Data excerpts:

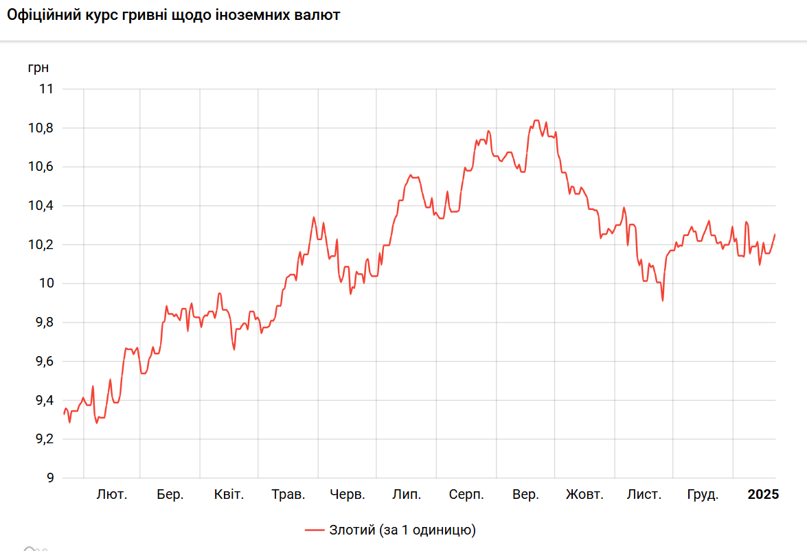 Официальный курс на 22 января 2025 года установлен на таком уровне: 10,2571 гривен за 1 злотый(+0,0374 грн).
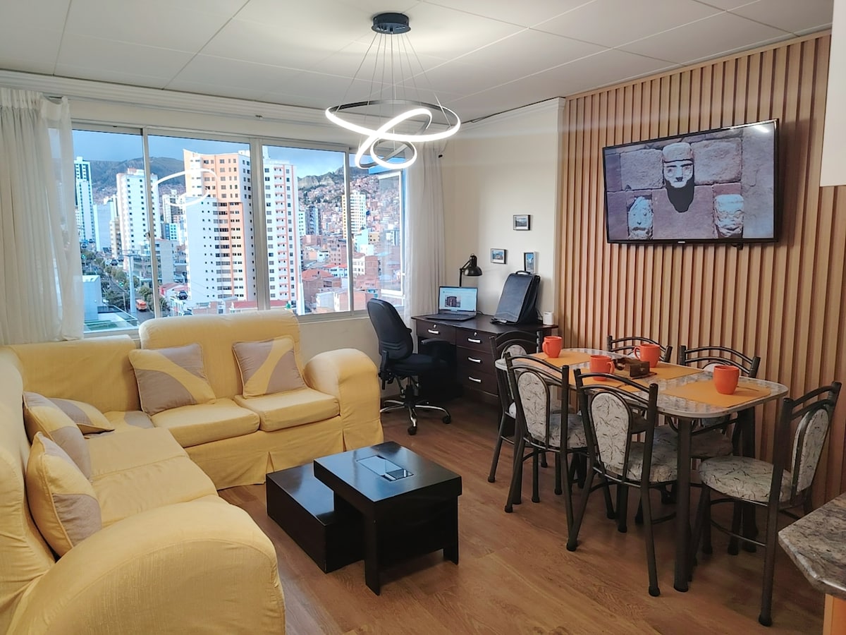 Cozy apartment in bohemian Sopocachi. Incredible view of Plaza Abaroa, steps from markets, pubs, and restaurants. Remote Work Ready: features a dedicated desk and exclusive high-speed WiFi for seamless video meetings. Centrally located, 10-min walk to Yellow/White Cable Car lines. The building offers 24/7 security and porters in a very safe area. The perfect spot for a productive and comfortable stay in La Paz!
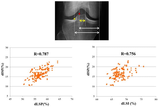 Correlation analysis between radiologic parameters. Yellow dot: inflection point of lateral tibial spine, red dot: peak point of lateral tibial spine, yellow arrow: dISP, shorter white arrow: dLSP, longer white arrow: dLSI.
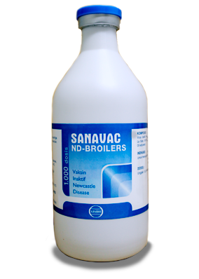 Setiap SANAVAC ND K mengandung virus ND inaktif strain.
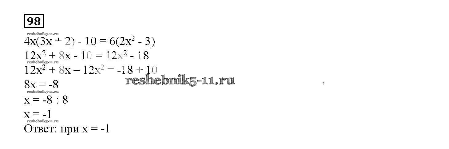 Готовая домашняя работа с ответами по Алгебре за 7 класс Мерзляк, Полонский, Рабинович, Якир Дидактические материалы УМК Вентана-граф 2017 ФГОС - Вариант 3 98
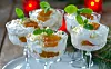 4 Varva gräddgröt, hjortronsylt och krossade drömmar i fina glas eller skålar.
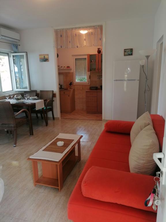 Apartamentul este excelent. Locația este grozavă. Casa are parcare proprie Are un living mare, bucatarie, doua dormitoare, o baie si o terasa mare. Bucătăria este complet utilată. Totul este asa cum este scris in descrierea apartamentului. Terasa are o vedere frumoasa la mare si Velebit. Puteți vedea plaja și pădurea de pini în fața casei. Gazdele sunt prietenoase. Plaja este fantastica, la doar 50 de pasi de apartament. Îl recomandăm dacă doriți să vă bucurați de liniște și liniște. Nu prea aglomerat. Un loc de bucurat. Apa este grozavă pentru înot și există o mulțime de puține adânci, doar pentru copii. Revenim anul viitor!!!
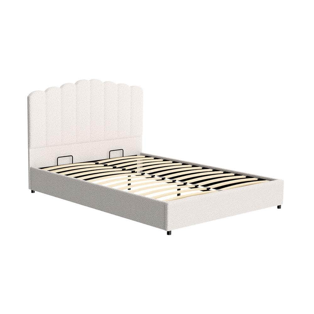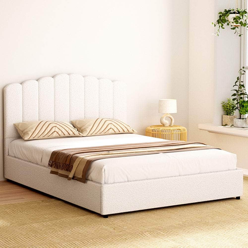 Introducing our elegant bed frame: upholstered in boucle fabric, featuring a gas lift storage mechanism, wooden frame with slat support, padded headboard, smooth edge finish, and sturdy metal connectors for a blend of style and functionality in your bedroom.
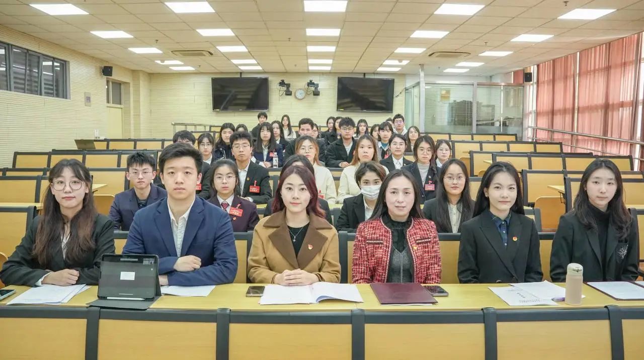 我院党委副书记毕亚男、团委书记孙雅静以及48名学生代表参加大会。会议由我院学生会文体部的陈王悠艺同学主持。
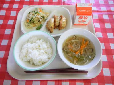 5/1(月)ごはん、揚げぎょうざ、もやしのピリ辛ナムル、大根の中華スープ
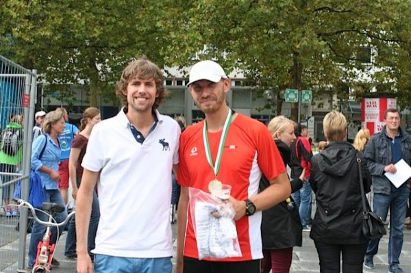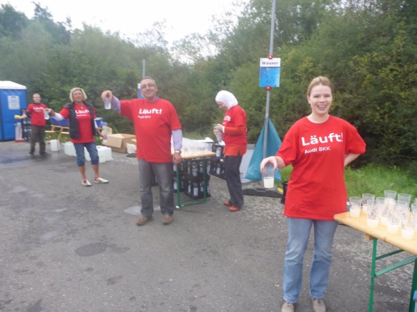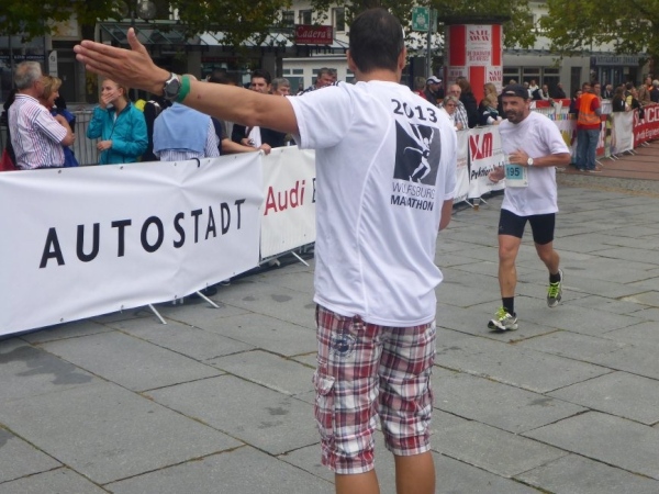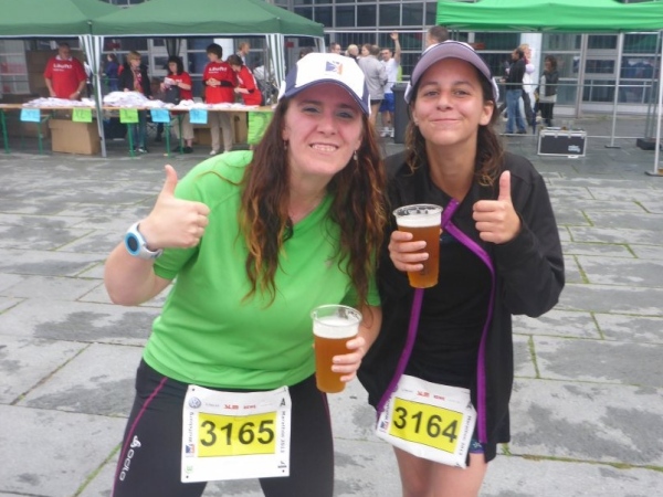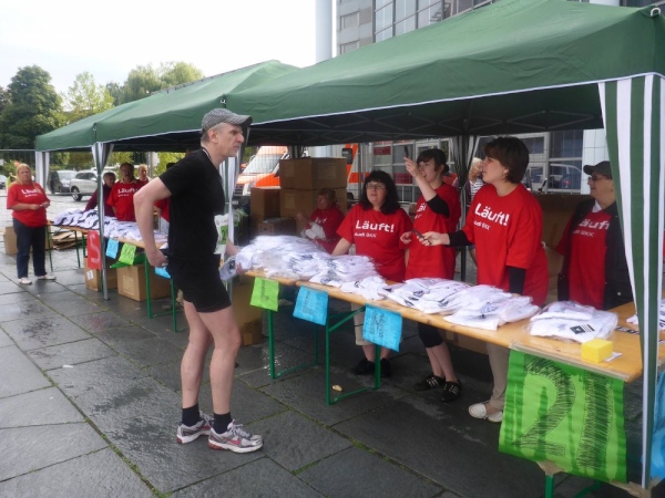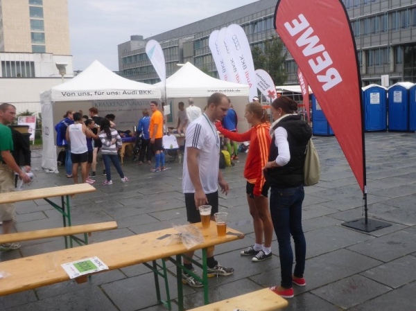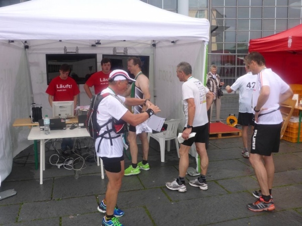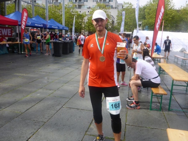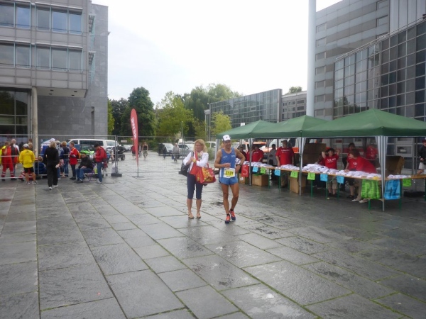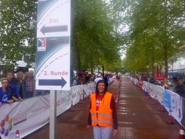 Während der letzten zehn Kilometer hatte ich das Tempo angezogen und erreichte nach vier Stunden völlig durchnässt den Zielbereich. An den Ständen der Zielverpflegung gönnte ich mir eine kurze Pause, traf nochmals Björn, holte mein Finisher-Shirt sowie Medaille ab, lief dann zum Auto, zog mich dort um und dann ging es wieder zurück. Ich wollte den Zieleinlauf meiner Frau Nicole sowie Debbie auf keinen Fall verpassen.
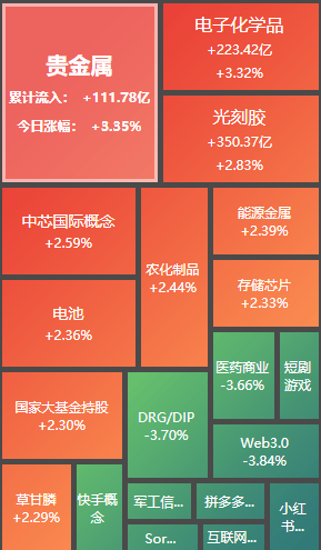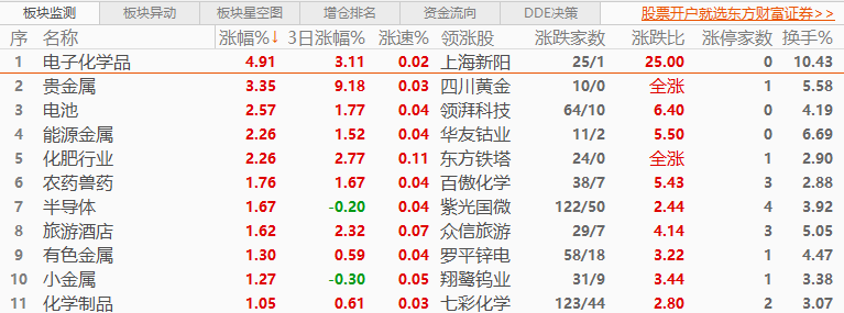板块方面:涨少跌多,电子化学品、贵金属、电池、能源金属、化肥行业涨幅居前,医药商业、互联网服务、文化传媒、软件开发、通信服务板块跌幅居前。

Work to complete:
Leave out every picture and copy the rest of the records exactly.

Completed exercise:
 Официальный курс на 22 января 2025 года установлен на таком уровне: 10,2571 гривен за 1 злотый(+0,0374 грн).
 Cozy apartment in bohemian Sopocachi. Incredible view of Plaza Abaroa, steps from markets, pubs, and restaurants. Remote Work Ready: features a dedicated desk and exclusive high-speed WiFi for seamless video meetings. Centrally located, 10-min walk to Yellow/White Cable Car lines. The building offers 24/7 security and porters in a very safe area. The perfect spot for a productive and comfortable stay in La Paz!
 Correlation analysis between radiologic parameters. Yellow dot: inflection point of lateral tibial spine, red dot: peak point of lateral tibial spine, yellow arrow: dISP, shorter white arrow: dLSP, longer white arrow: dLSI.
 Setiap SANAVAC ND K mengandung virus ND inaktif strain.
 Готовая домашняя работа с ответами по Алгебре за 7 класс Мерзляк, Полонский, Рабинович, Якир Дидактические материалы УМК Вентана-граф 2017 ФГОС - Вариант 3 98
 4 Varva gräddgröt, hjortronsylt och krossade drömmar i fina glas eller skålar.
 Apartamentul este excelent. Locația este grozavă. Casa are parcare proprie Are un living mare, bucatarie, doua dormitoare, o baie si o terasa mare. Bucătăria este complet utilată. Totul este asa cum este scris in descrierea apartamentului. Terasa are o vedere frumoasa la mare si Velebit. Puteți vedea plaja și pădurea de pini în fața casei. Gazdele sunt prietenoase. Plaja este fantastica, la doar 50 de pasi de apartament. Îl recomandăm dacă doriți să vă bucurați de liniște și liniște. Nu prea aglomerat. Un loc de bucurat. Apa este grozavă pentru înot și există o mulțime de puține adânci, doar pentru copii. Revenim anul viitor!!!
 Introducing our elegant bed frame: upholstered in boucle fabric, featuring a gas lift storage mechanism, wooden frame with slat support, padded headboard, smooth edge finish, and sturdy metal connectors for a blend of style and functionality in your bedroom.
 我院党委副书记毕亚男、团委书记孙雅静以及48名学生代表参加大会。会议由我院学生会文体部的陈王悠艺同学主持。
 5/1(月)ごはん、揚げぎょうざ、もやしのピリ辛ナムル、大根の中華スープ
 Während der letzten zehn Kilometer hatte ich das Tempo angezogen und erreichte nach vier Stunden völlig durchnässt den Zielbereich. An den Ständen der Zielverpflegung gönnte ich mir eine kurze Pause, traf nochmals Björn, holte mein Finisher-Shirt sowie Medaille ab, lief dann zum Auto, zog mich dort um und dann ging es wieder zurück. Ich wollte den Zieleinlauf meiner Frau Nicole sowie Debbie auf keinen Fall verpassen.
板块方面:涨少跌多,电子化学品、贵金属、电池、能源金属、化肥行业涨幅居前,医药商业、互联网服务、文化传媒、软件开发、通信服务板块跌幅居前。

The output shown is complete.